Exploring Heterogeneity in the ASD Blood Transcriptome: Machine-Learning Classification Accuracy Is Improved By Modeling Subgroups.
Objectives: We sought to examine heterogeneity in the ASD blood transcriptome.
Methods: Recently, we combined the subject-level data from previously published blood microarray studies in order to perform combined-samples mega-analysis. The present study utilized a subset of these data (male samples self-identified as European ancestry; n asd =417, n control= 243). We identified genes and functional gene-sets that were differentially expressed within this sample. We then clustered ASD-affected samples into putative subgroups based on genes and gene-sets, as well as expression principal components.

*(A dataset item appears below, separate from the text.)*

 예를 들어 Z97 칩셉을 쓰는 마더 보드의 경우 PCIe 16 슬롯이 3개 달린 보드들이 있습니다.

Results: Machine-learning classification accuracy in withheld samples was significantly improved for subgroup-informed classification problems (e.g., ASD subgroup k vs. all comparison; overall accuracies ranging from 67 to 76%), as compared with the baseline classification problem (i.e., all ASD samples vs.all comparison; overall accuracies ranging from 61 to 63%); this effect was most pronounced for gene-set- and PCA-based subgroups. All subgroup solutions showed pronounced differences in leukocyte-specific marker genes, indicating that heterogeneity in cellular composition contributes critically to transcriptomic heterogeneity. Additionally, many of the subgroup solutions showed significant differences in domains of the Mullen Early Learning Scale and comorbid developmental conditions.
Conclusions: These findings begin to shed light on heterogeneity within the ASD blood transcriptome.